Everyone knows that artificial intelligence is changing businesses and technology very quickly. But fewer people understand how much strain AI puts on computer memory and storage. Huawei, a leading tech giant, has released several new solid-state drives for AI, showing a new way to handle huge amounts of data without depending only on expensive HBM, which stands for high-bandwidth memory.
Let us talk about what is new, why it matters, and how the “secret sauce” in Huawei’s drives is supposed to change the game.
Table of Contents
What’s all the fuss about MORE memory?
AI models, especially large ones like the ones used in speech, image recognition, or translation, need extremely fast and large amounts of memory to train and work properly. This memory cannot be just standard RAM. High-bandwidth memory, or HBM, is very quick and useful for AI tasks. The problem is, HBM is expensive, difficult to get, and when used in large amounts, it makes the hardware costly and hard to upgrade.
Chinese companies and many others around the world now face more restrictions on getting advanced HBM chips. This makes it imperative to find new ways to deliver high performance using more available technology. This is where Huawei’s new OceanDisk AI SSDs come into play.
What exactly is an AI SSD?
For those of you who do not know, SSD stands for solid-state drive. It is a type of storage that is much faster than old-fashioned hard disks. AI SSDs are a new category, designed to work closely with memory to boost data handling for artificial intelligence tasks. Huawei announced three new models in its OceanDisk series. These are called the OceanDisk EX, OceanDisk SP, and OceanDisk LC 560. The company launched these drives with the aim of reducing “memory wall” and “capacity wall,” which are problems that slow down AI training and make the systems more expensive and harder to use.
What is the USP of Huawei’s new AI SSD?
First, the numbers are huge. The LC 560 has a mind-blowing single-drive capacity of 245TB, which is the most of any SSD ever made for business use so far. Most people are used to seeing 1TB or even 4TB SSDs in laptops and desktops. For AI training, larger drives mean you can handle massive datasets locally, without needing to split data or constantly move files across networks.
The LC 560 offers a read bandwidth of almost 15GB/s, which is very high for SSDs. This means data moves quickly from storage to memory, saving time during AI tasks. The EX model is about “extreme performance,” with write speeds up to 1,500K IOPS, latency under 7 microseconds, and endurance of 60 drive writes per day. This high speed is important when you need to read and write large files multiple times for training artificial intelligence models.
The SP model of OceanDisk focuses on cost, delivering lower speeds but making the solution affordable for more customers. It is built for “inference scenarios,” which means not training new models, but running existing models more efficiently. Huawei claims it reduces first-token latency by 75 percent, and doubles throughput. In simple words, it can reply to AI tasks quicker and handle more requests with the same hardware.
Now, let us take a look at what this ‘secret sauce’ is all about –
Beyond hardware, Huawei has also introduced a software called DiskBooster. This driver is designed to combine or “pool” memory across different types, including HBM, SSD, and DDR (regular RAM). According to the company, DiskBooster can expand pooled memory twentyfold by allowing SSDs and HBM to work together.
This is important because AI workloads often hit the limits of available memory. If memory can be pooled effectively, you can handle larger AI models and tasks with fewer hardware changes. DiskBooster coordinates data across SSDs and HBM, moving what is needed in and out depending on demand.
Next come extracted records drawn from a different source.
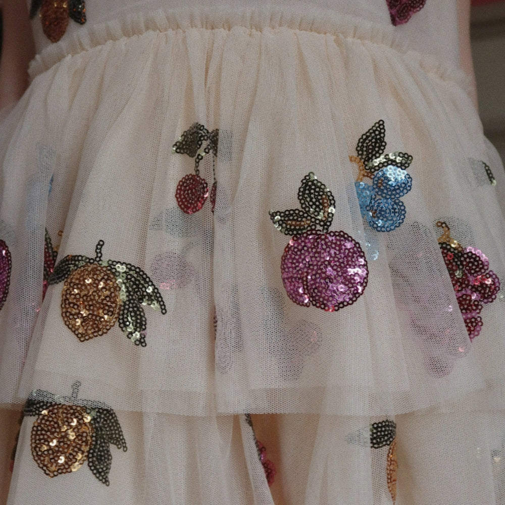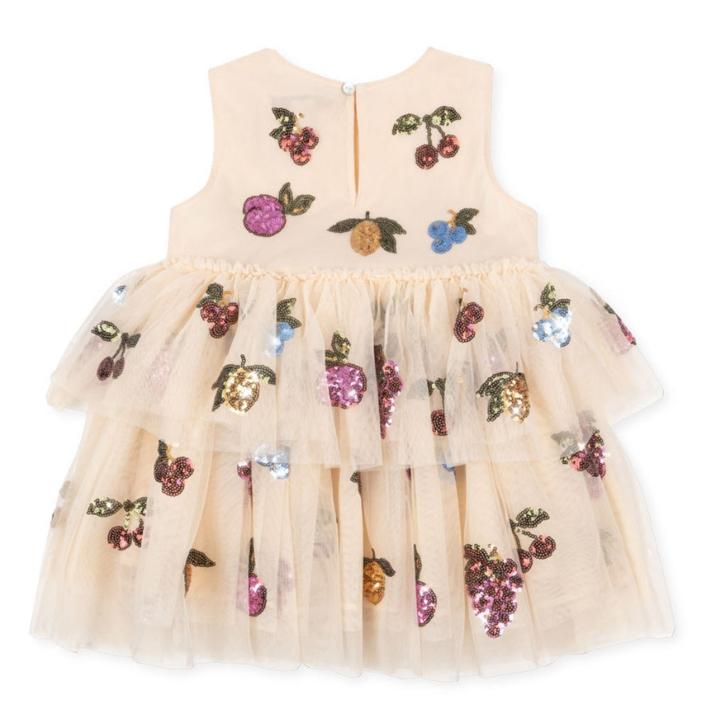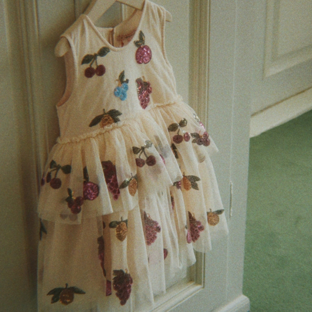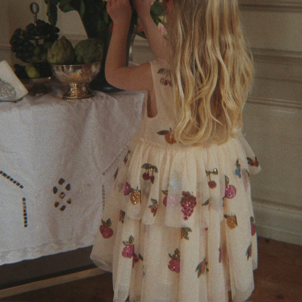 Rochia pentru fete Yvonne de la Konges Slojd este o opțiune strălucitoare, inspirată din basme, pentru micile zâne care adoră să danseze și să se rotească.
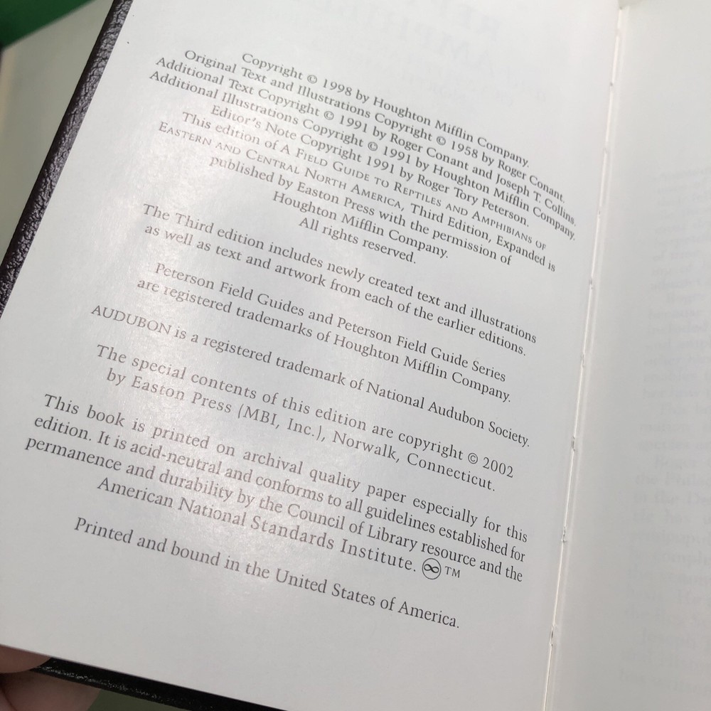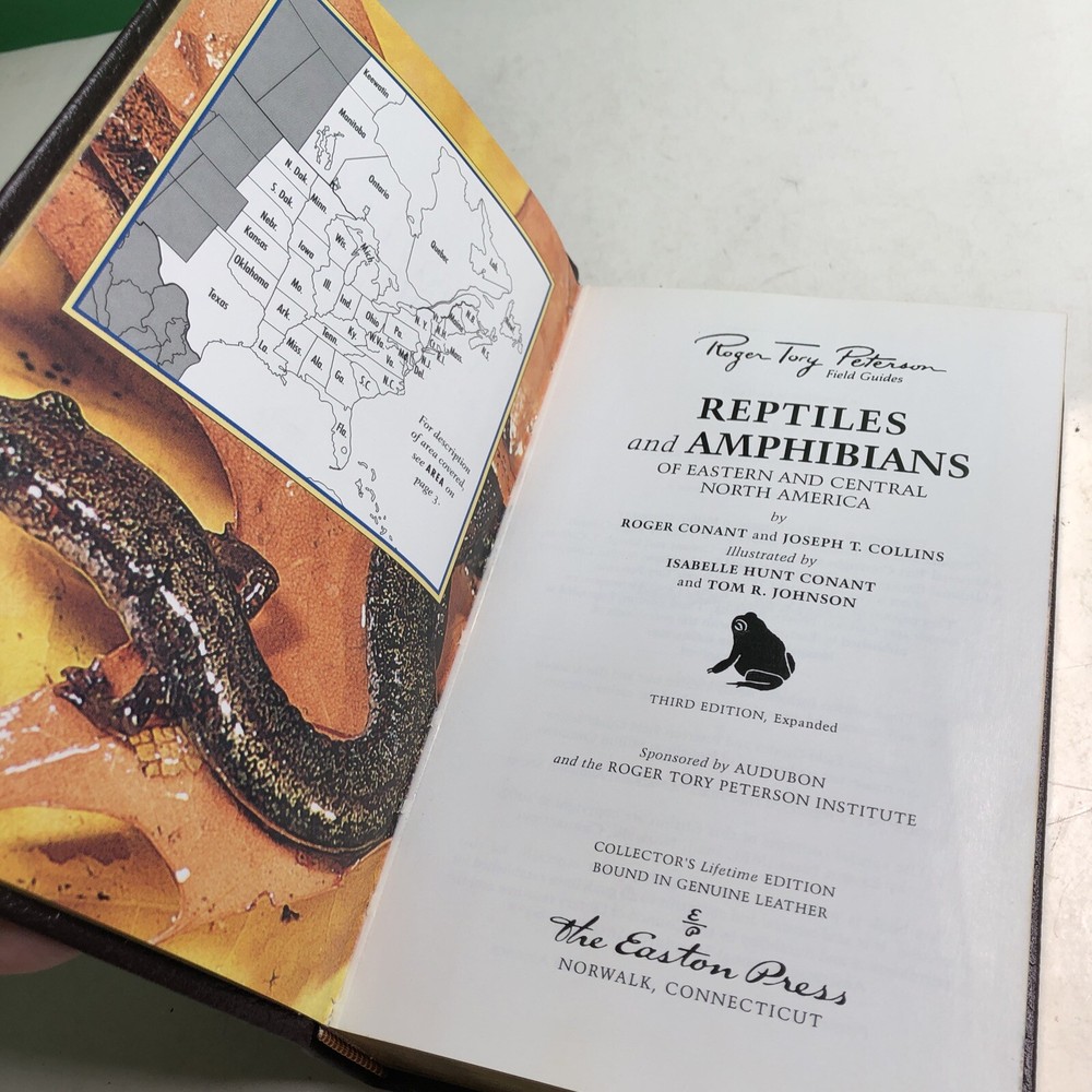 Delve into the fascinating world of Eastern reptiles and amphibians with this Roger Tory Peterson Field Guide. Authored by Conant & Collins, and featuring the distinguished leather-bound hardcover edition, this guide is a treasure for both enthusiasts and scholars. The expert illustrations by Conant & Johnson provide a vivid visual reference, making identification a breeze. Published in 2002 by The Easton Press, this book is a part of the esteemed Roger Tory Peterson Field Guides series. It's a collector's gem, offering comprehensive information on a variety of reptiles and amphibians in the Eastern region. Rich in content and adorned with illustrations, it's an essential addition to any naturalist's library.
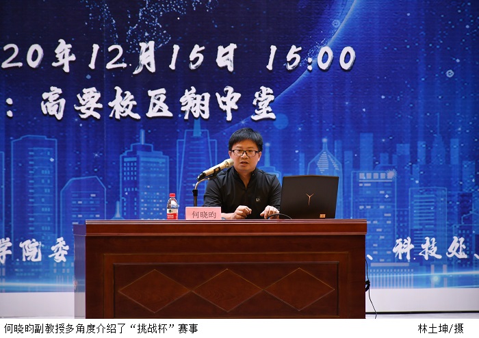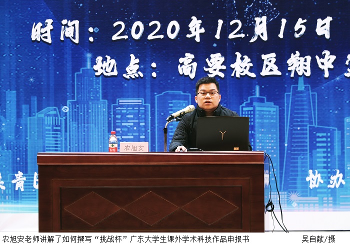 启动仪式过后,大会进行2021年“挑战杯”大学生课外学术科技作品竞赛宣讲会。宣讲会上,何晓昀副教授从赛事介绍、赛事安排、竞赛作品分类、申报注意事项四个角度全面介绍了“挑战杯”赛事,积极地为同学们答疑解惑。农旭安老师为同学们讲解了如何撰写“挑战杯”广东大学生课外学术科技作品申报书。
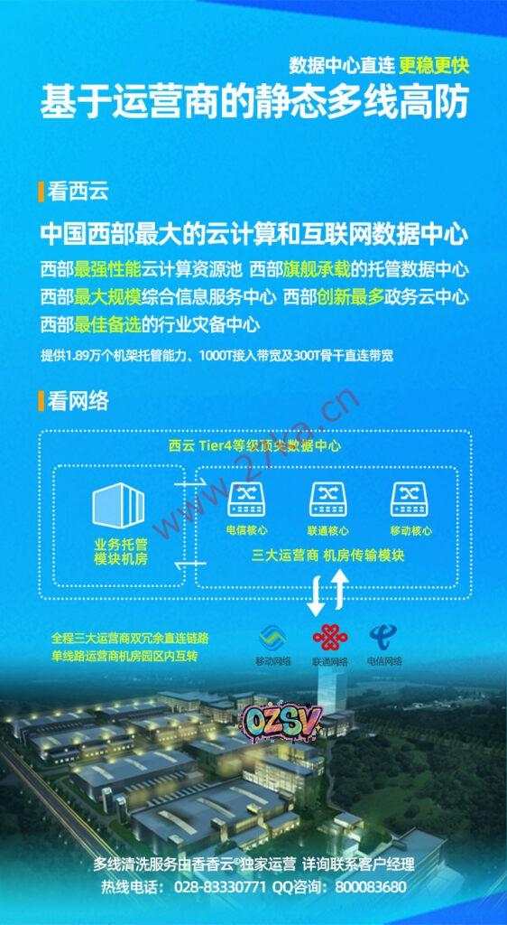 西云承载能力:提供1.89万个机架托管能力,1000T接入带宽、300T骨干直连带宽。全程三大运营商双冗余直连链路,单线路运营商机房园区内互转。
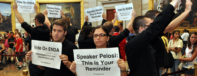 Prior to the action, demonstrators had been participating in a tour of the U.S. Capitol. When the tour reached the Rotunda, protesters broke away and formed a group in the center of the room while holding up signs reading “Vote on ENDA” and “Speaker Pelosi: This is Your Reminder.”
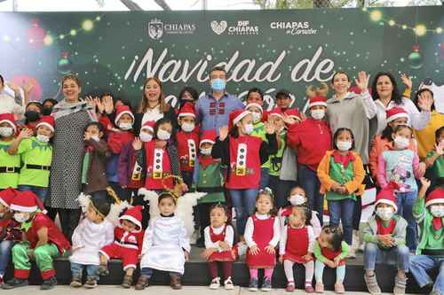El gobernador Rutilio Escandón Cadenas visitó la Casa Hogar Infantil del Sistema DIF Chiapas, donde celebró la Navidad y entregó regalos a las niñas y los niños, al tiempo de reiterarles el compromiso de que todas las instancias de su gobierno estarán al pendiente de que cuenten con todo lo indispensable, especialmente en alimentación, educación y salud, a fin de crezcan sanos y felices. Entregó un vehículo de transporte, debidamente equipado, en beneficio de dicho centro de asistencia. “Es satisfactorio convivir con ustedes y ver que estos regalos les permiten estar alegres en estas fechas navideñas. Vamos estar al pendiente de que tengan todo, porque nuestro mayor sueño es que puedan crecer en espacios seguros, sanos y llenos de felicidad”.
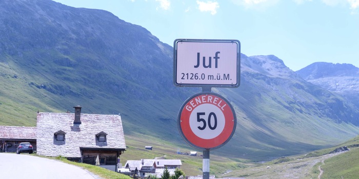 Show all«Here, we call it a tropical night when it gets above 10 degrees!» the landlady at Pension Edelweiss in Juf (website in German) tells me. At 2,126 metres above sea level, Juf is the highest village occupied by permanent residents in Europe. It’s nestled at the back of the Avers Valley in the canton of Graubünden. Here, where the River Rhine begins before meandering towards Rotterdam, the temperature rarely rises above 20 degrees. Boarding my noon train in Zurich on Sunday, the thermometer reads 32 degrees. One train ride, two Postbus rides and a little over three hours later, I’m sitting in the shade on the terrace, the gentle wind blowing in from the mountain making me slightly chilly. It’s 22 degrees and it dawns on me that I’ve brought neither a sweater nor a windbreaker.
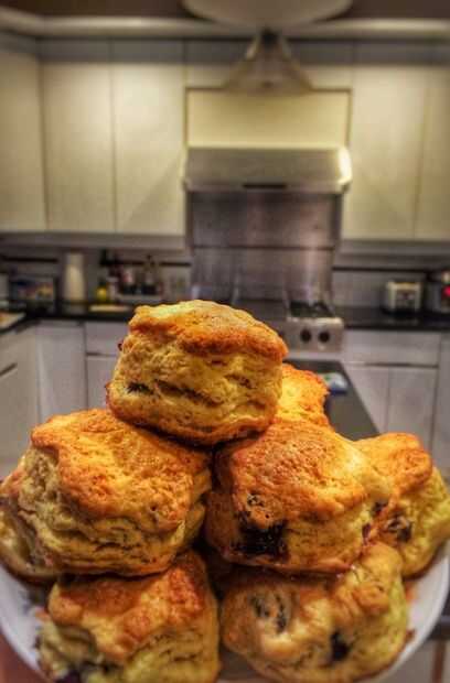 Estos arándanos scones gusto mantecoso cielo flakey. Son perfecta para el té de la tarde y va muy bien con la cuajada de limón. Son realmente ricos sabores lácteos y los arándanos rojos agrega una textura agradable a scone flakey.
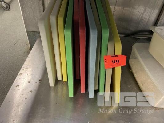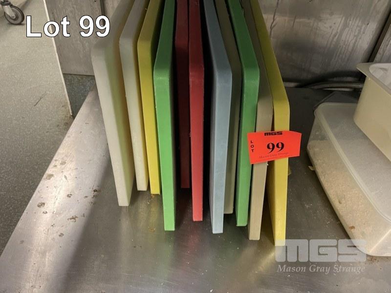 11 x HEAVY DUTY CUTTING BOARDS & RACK
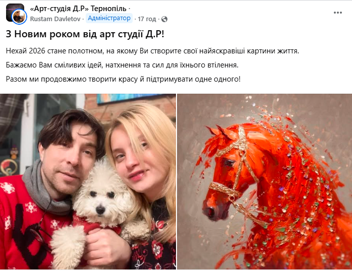 Власник одного з тернопільських салонів краси Миколай Онищук розмістив яскраве фото верхи на коні і побажав, щоб «новий рік приніс кожному сміливість бути собою, рухатися вперед без страху і сідати на свого коня тоді, коли серце каже «час».

Another technology included is called “multi-stream.” This aims to cut down write amplification, which can wear out SSDs faster. By controlling how data is written to the disk, the drives last longer and give better value.
Why does this reveal matter for China?
Because of continued restrictions on buying advanced HBM chips from the United States and other suppliers, Chinese companies like Huawei have had to rethink their approach. Instead of relying only on imported chips, they are putting their faith in domestic NAND flash technology. NAND is what most SSDs use to store data, and making it more effective for AI is a strong step toward self-reliance.
Still, experts say these SSDs are not a full replacement for HBM. Instead, they work as a partial alternative, acting as a supplement in systems where memory and storage must balance each other out. The real solution is to mix several layers of technology so that limitations in one area do not stop progress in AI.